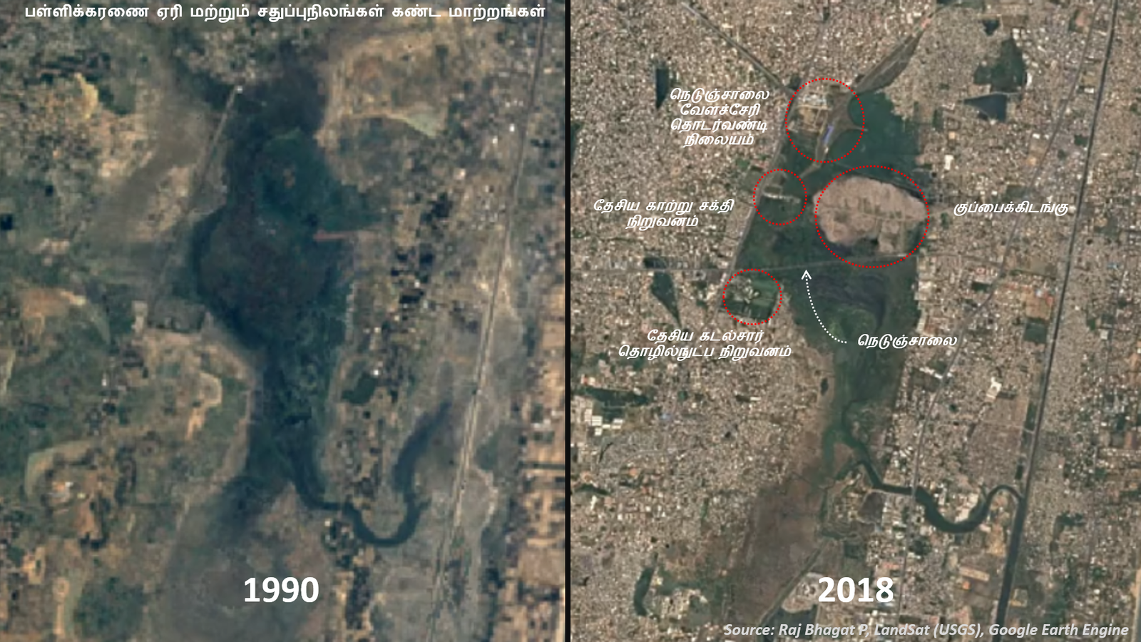 இந்தப் பிரச்சினைகள் அரசாங்கத்தின் குறிப்பிட்ட ஒரு துறைக்கு மட்டுமே உரியதல்ல. சென்னை பள்ளிக்கரணை ஏரி, சதுப்புநிலம் மற்றும் அதனைச் சார்ந்த பகுதிகள் கண்ட மாற்றத்தினை நீங்கள் இந்த வரைபடத்தில் காணலாம். இடப்பக்கம் 1990இல் இருந்த இடத்தையும் 2018இல் அதே இடத்தையும் இதில் ஒப்பிட்டுள்ளேன். தொடர்வண்டி நிலையம், தொடர்வண்டி பழுதுபார்க்குமிடம், மாநகர குப்பைக் கிடங்கு, தேசிய கடல்சார் தொழில்நுட்ப நிறுவனம், தேசிய காற்று சக்தி நிறுவனம், மற்றும் ஒரு நெடுஞ்சாலையும் இந்தப் பகுதியில் காட்டப்பட்டுள்ளது. மத்திய, மாநில, மாநகர நிர்வாகம் என மேலிருந்து கீழ்வரை அனைத்து தரப்பினருக்கும் இந்த பிழையினில் பங்குள்ளது. மீதமுள்ள நிலத்திலும் கழிவுநீர் செல்கிறது.
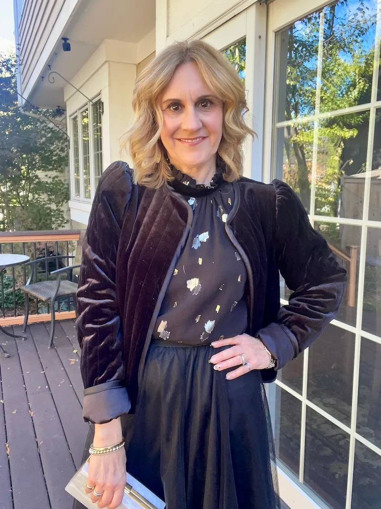 Create chic holiday looks with a sleek velvet jacket like this one. As the holiday season approaches, I love finding those special wardrobe pieces that can take me from a casual day out to an elegant evening affair. One of my favorite finds this year is this stunning Sanctuary velvet jacket found at a recent sidewalk sale. I got it for $20! Its soft texture, rich hue, and slightly structured silhouette make it the perfect piece to elevate any outfit. I’m showing two ways to style it — one casual and one dressy — to prove just how versatile velvet can be this season.
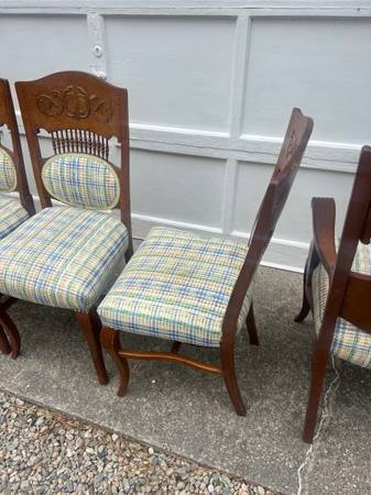 These are six antique oak kitchen dining room chairs.
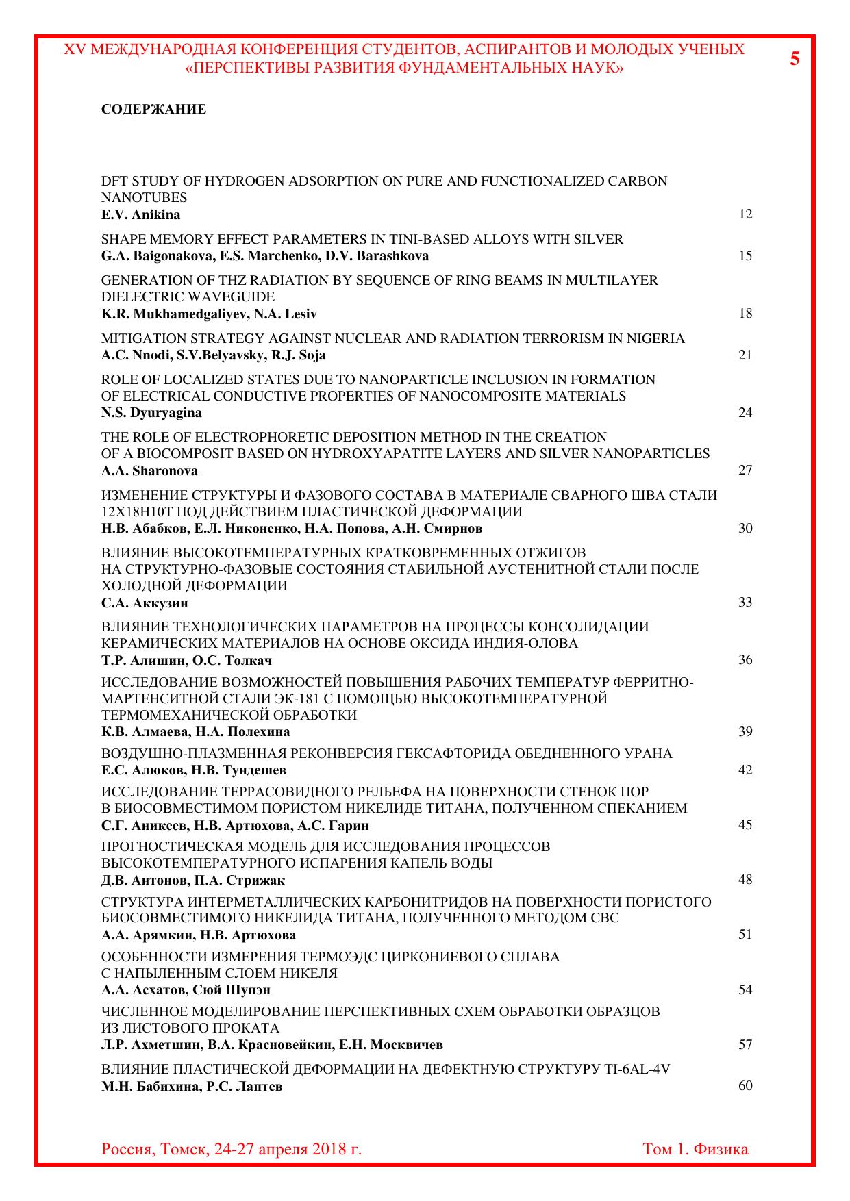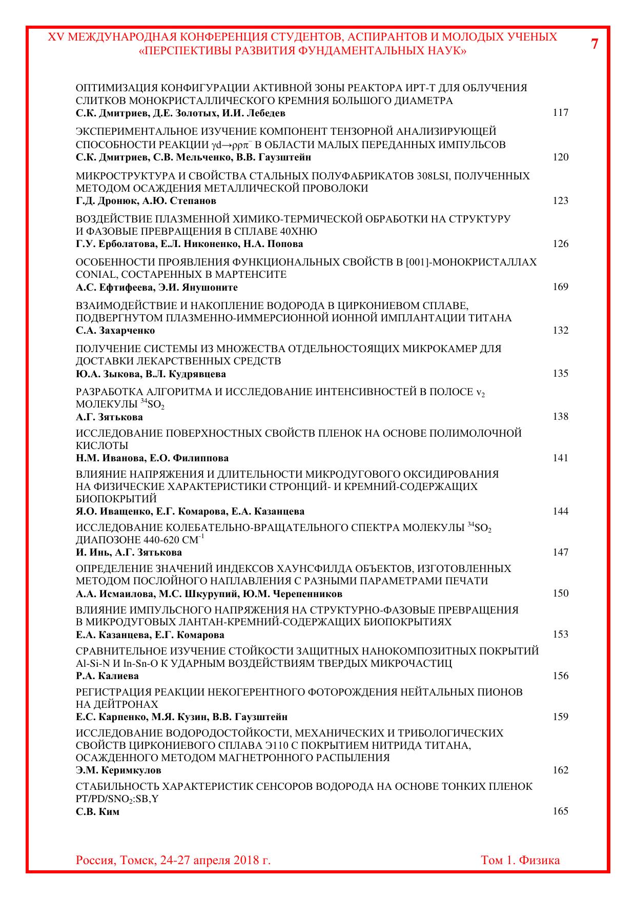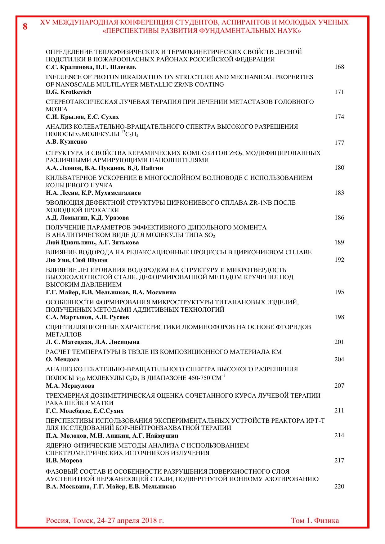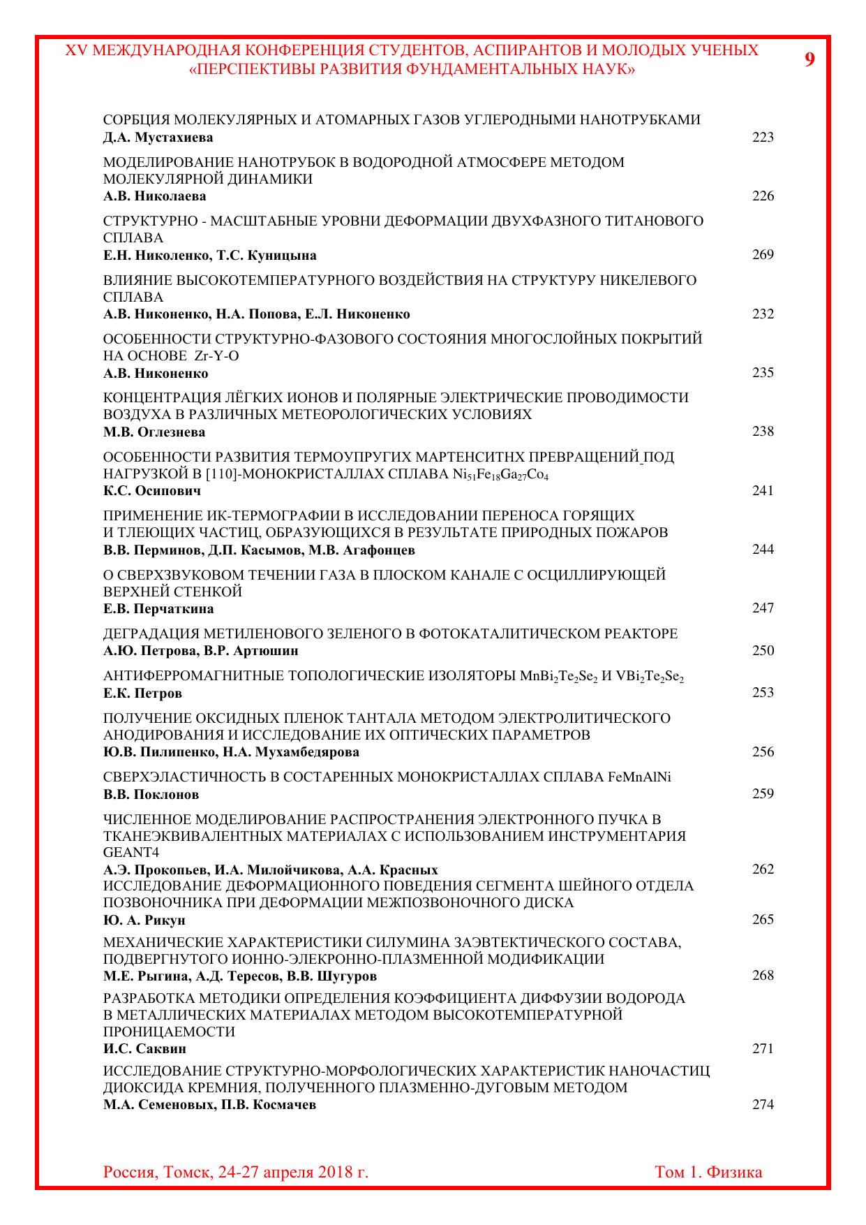 Сборник содержит труды участников XV Международной конференции студентов, аспирантов и молодых учёных «Перспективы развития фундаментальных наук», представленные на секции «Физика». Для студентов, аспирантов, молодых ученых и преподавателей, специализирующихся в области физики конденсированного состояния, физики поверхности, физики ускорителей, водородной энергетики, геофизики, а также моделирования физических процессов.
++++++++++
◆ TASK PROMPT:
I would like the material above returned exactly as it stands, without its pictures.

◆ ANSWER TO THE EXERCISE:
 இந்தப் பிரச்சினைகள் அரசாங்கத்தின் குறிப்பிட்ட ஒரு துறைக்கு மட்டுமே உரியதல்ல. சென்னை பள்ளிக்கரணை ஏரி, சதுப்புநிலம் மற்றும் அதனைச் சார்ந்த பகுதிகள் கண்ட மாற்றத்தினை நீங்கள் இந்த வரைபடத்தில் காணலாம். இடப்பக்கம் 1990இல் இருந்த இடத்தையும் 2018இல் அதே இடத்தையும் இதில் ஒப்பிட்டுள்ளேன். தொடர்வண்டி நிலையம், தொடர்வண்டி பழுதுபார்க்குமிடம், மாநகர குப்பைக் கிடங்கு, தேசிய கடல்சார் தொழில்நுட்ப நிறுவனம், தேசிய காற்று சக்தி நிறுவனம், மற்றும் ஒரு நெடுஞ்சாலையும் இந்தப் பகுதியில் காட்டப்பட்டுள்ளது. மத்திய, மாநில, மாநகர நிர்வாகம் என மேலிருந்து கீழ்வரை அனைத்து தரப்பினருக்கும் இந்த பிழையினில் பங்குள்ளது. மீதமுள்ள நிலத்திலும் கழிவுநீர் செல்கிறது.
 Create chic holiday looks with a sleek velvet jacket like this one. As the holiday season approaches, I love finding those special wardrobe pieces that can take me from a casual day out to an elegant evening affair. One of my favorite finds this year is this stunning Sanctuary velvet jacket found at a recent sidewalk sale. I got it for $20! Its soft texture, rich hue, and slightly structured silhouette make it the perfect piece to elevate any outfit. I’m showing two ways to style it — one casual and one dressy — to prove just how versatile velvet can be this season.
 These are six antique oak kitchen dining room chairs.
 Сборник содержит труды участников XV Международной конференции студентов, аспирантов и молодых учёных «Перспективы развития фундаментальных наук», представленные на секции «Физика». Для студентов, аспирантов, молодых ученых и преподавателей, специализирующихся в области физики конденсированного состояния, физики поверхности, физики ускорителей, водородной энергетики, геофизики, а также моделирования физических процессов.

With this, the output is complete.